■ Exercise objective
In the entries that follow, repeat exactly the lines from the one that has "辦公室一角休息區,樹影斑駁映" through the one that has "Il sacchettino è", but omit pictures.

■ Material provided

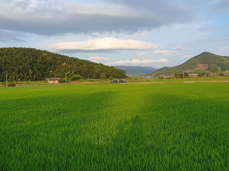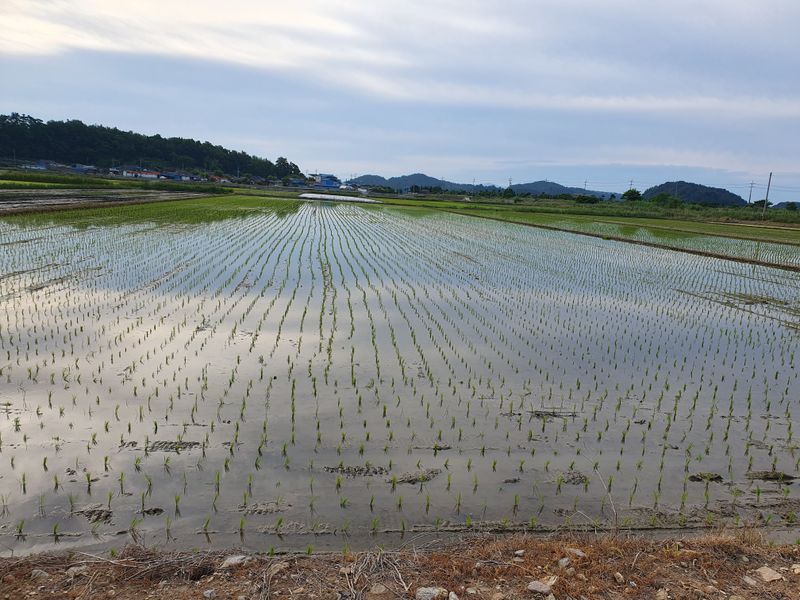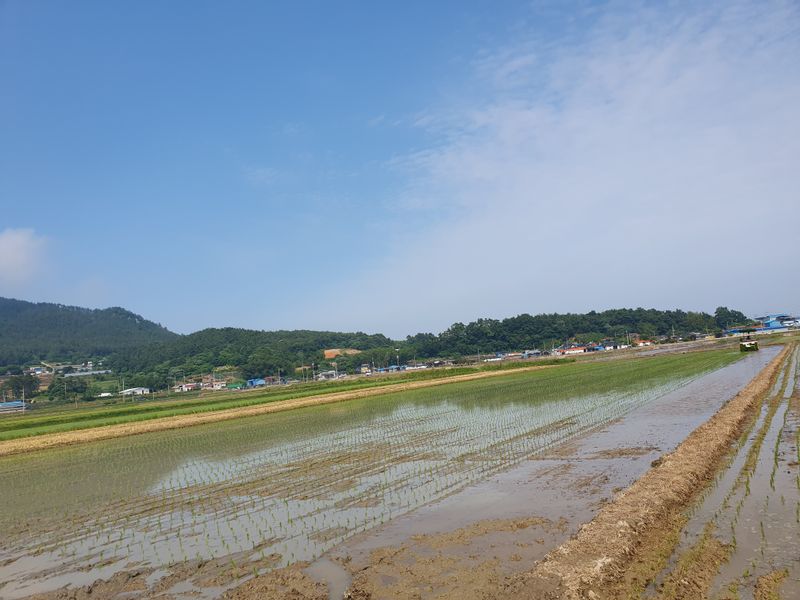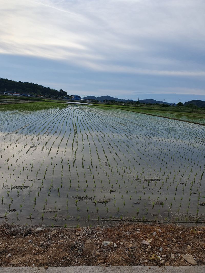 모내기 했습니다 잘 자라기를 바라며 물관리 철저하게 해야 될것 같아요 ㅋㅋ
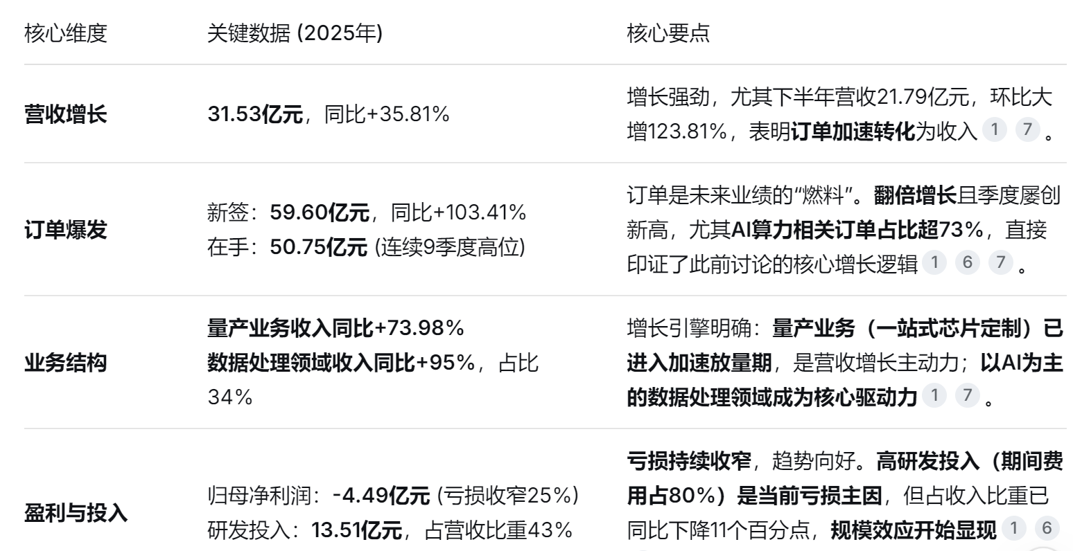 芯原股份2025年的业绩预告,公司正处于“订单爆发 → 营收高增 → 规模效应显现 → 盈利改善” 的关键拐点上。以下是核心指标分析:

---

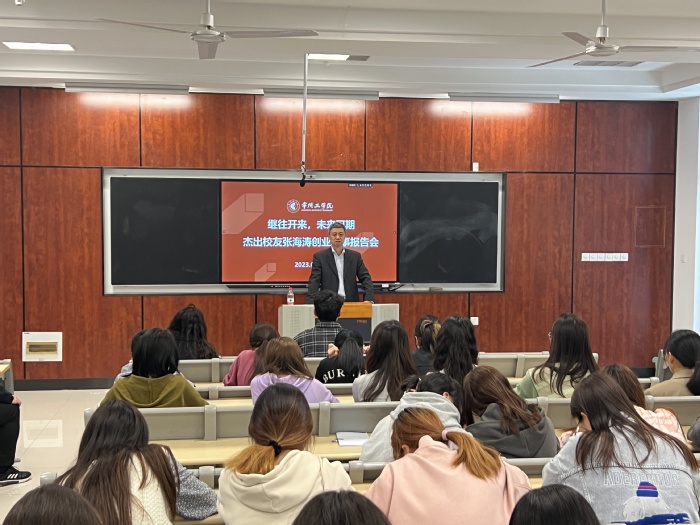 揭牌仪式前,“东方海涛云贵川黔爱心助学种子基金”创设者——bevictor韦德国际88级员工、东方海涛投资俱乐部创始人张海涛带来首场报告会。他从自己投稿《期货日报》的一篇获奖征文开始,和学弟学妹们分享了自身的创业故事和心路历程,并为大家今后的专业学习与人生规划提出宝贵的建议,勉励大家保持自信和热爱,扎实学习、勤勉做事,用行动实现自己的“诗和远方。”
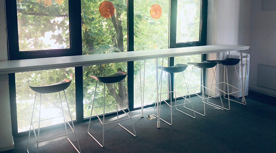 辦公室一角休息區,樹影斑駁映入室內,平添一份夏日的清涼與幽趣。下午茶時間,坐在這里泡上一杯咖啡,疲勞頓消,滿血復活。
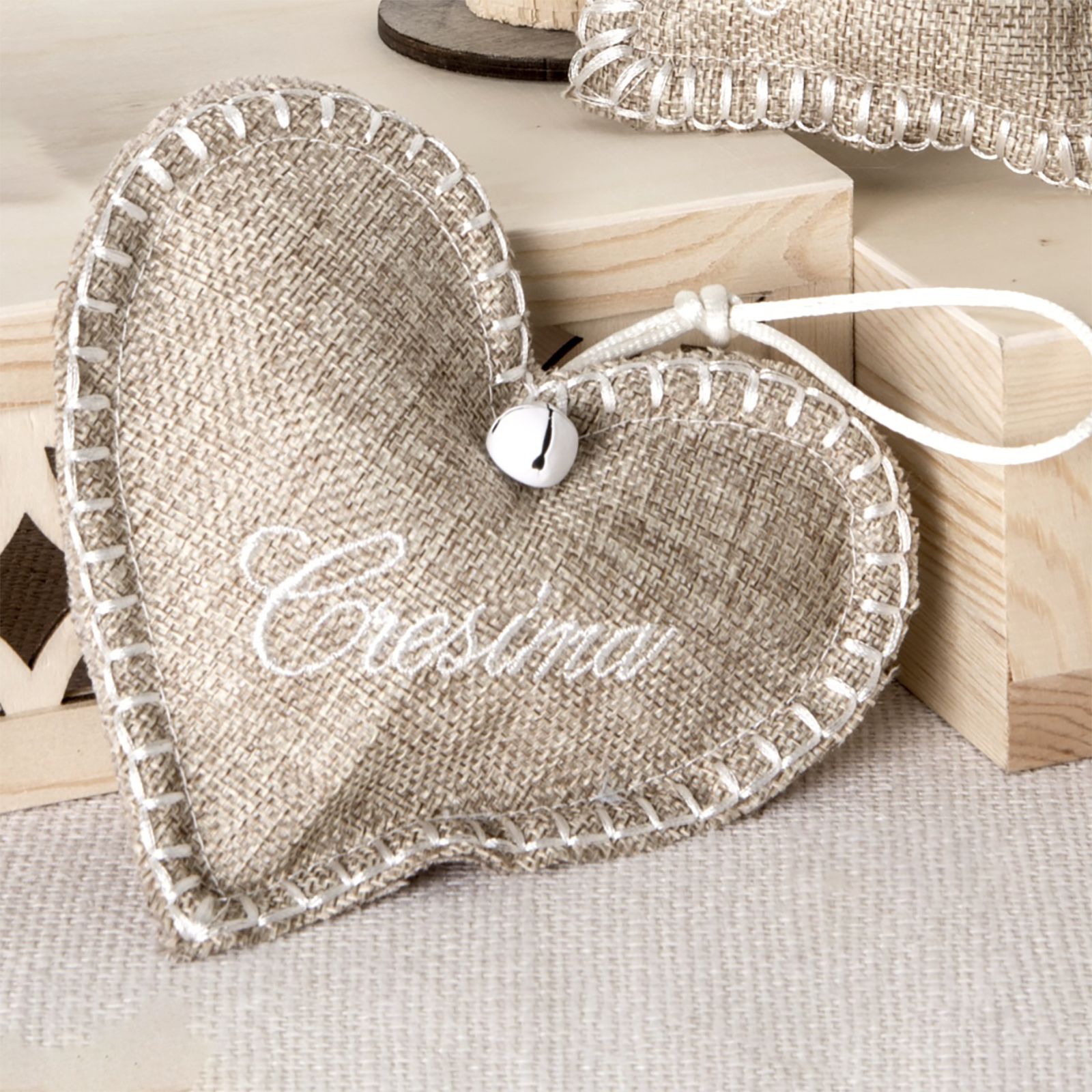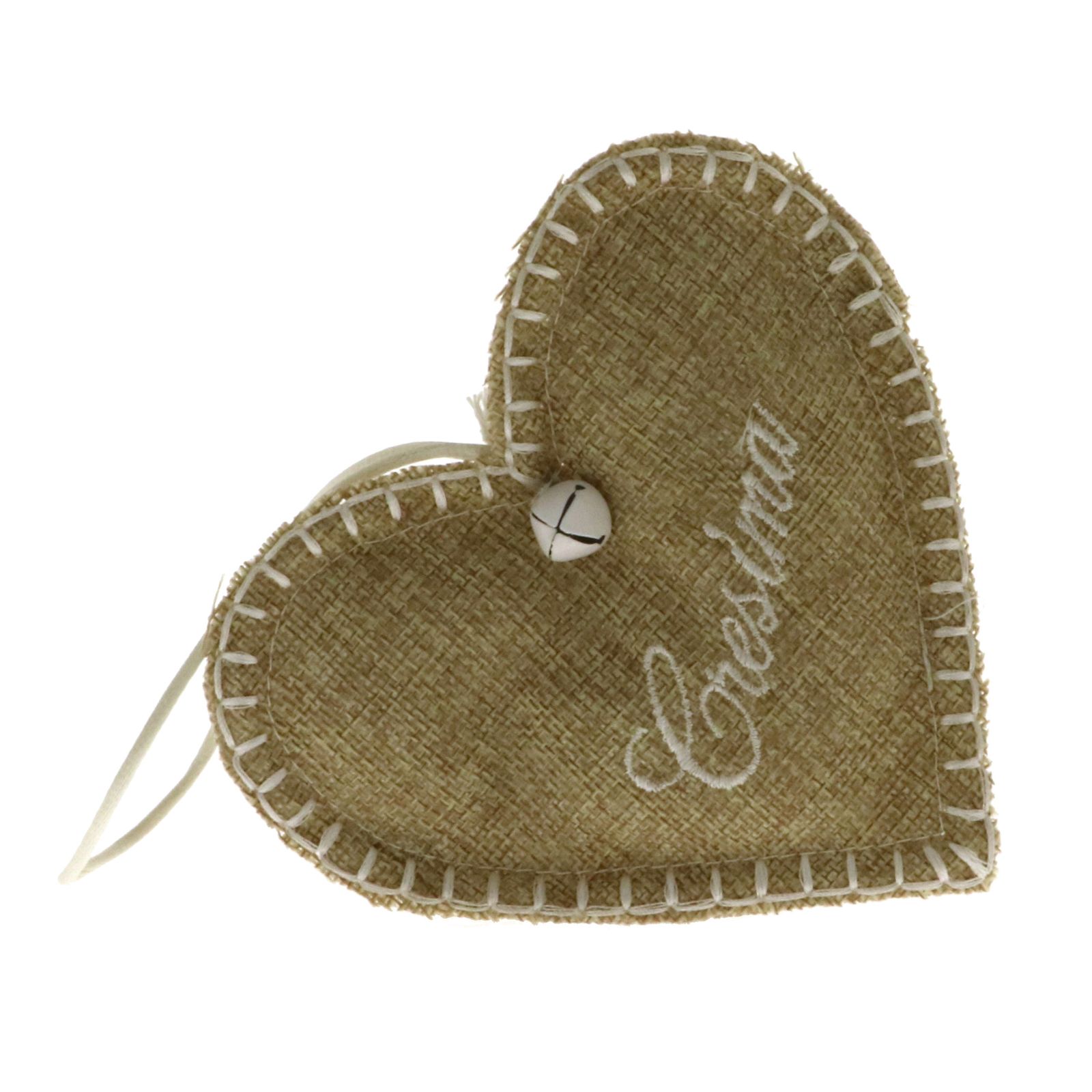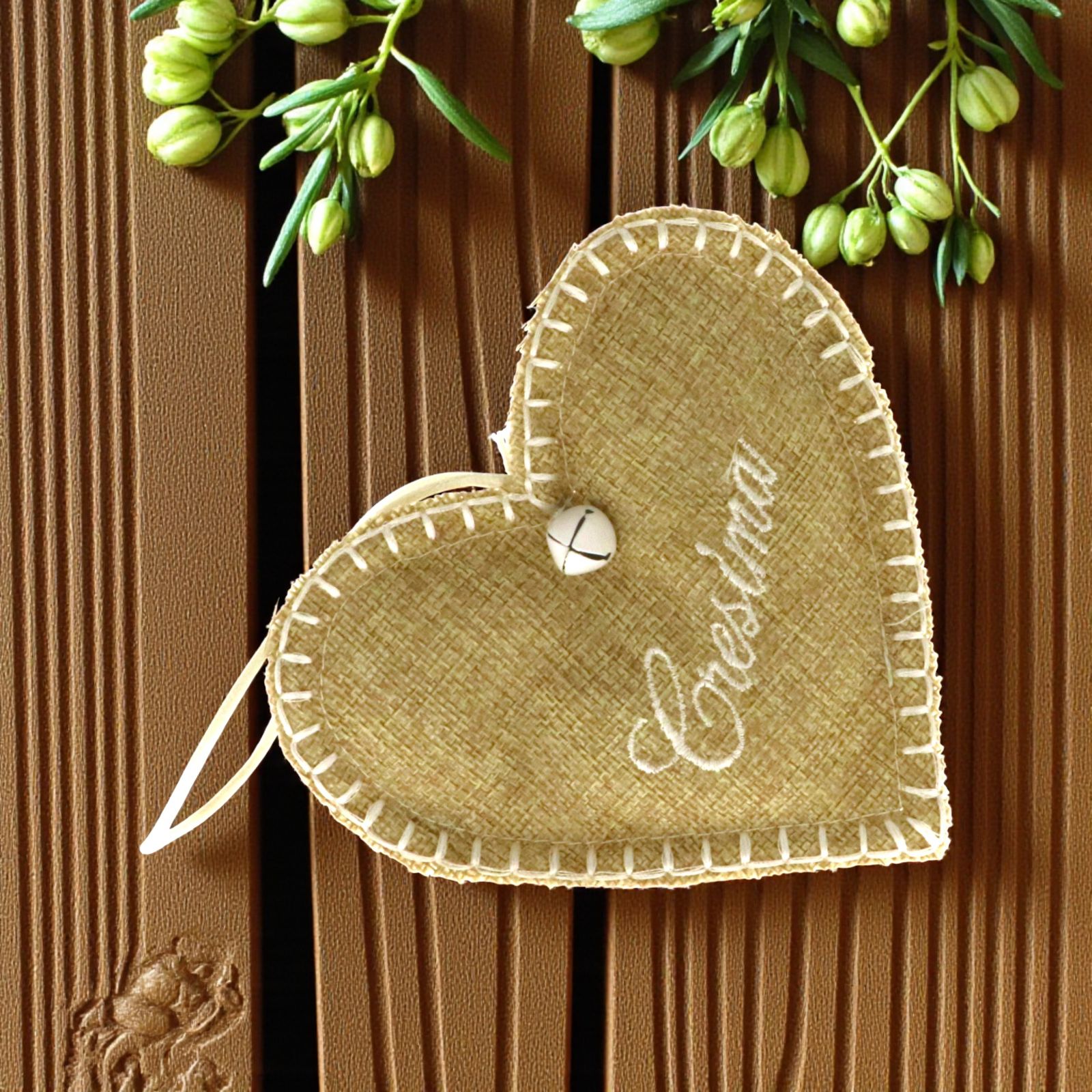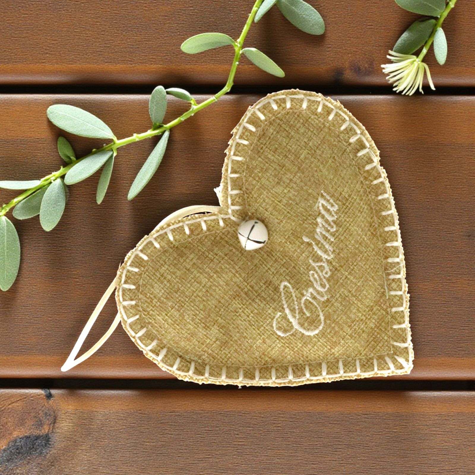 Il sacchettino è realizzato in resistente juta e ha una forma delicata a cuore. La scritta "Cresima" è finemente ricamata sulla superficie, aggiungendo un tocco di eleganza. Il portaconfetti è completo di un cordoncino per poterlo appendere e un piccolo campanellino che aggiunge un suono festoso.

■ Reply to the exercise
 辦公室一角休息區,樹影斑駁映入室內,平添一份夏日的清涼與幽趣。下午茶時間,坐在這里泡上一杯咖啡,疲勞頓消,滿血復活。
 Il sacchettino è realizzato in resistente juta e ha una forma delicata a cuore. La scritta "Cresima" è finemente ricamata sulla superficie, aggiungendo un tocco di eleganza. Il portaconfetti è completo di un cordoncino per poterlo appendere e un piccolo campanellino che aggiunge un suono festoso.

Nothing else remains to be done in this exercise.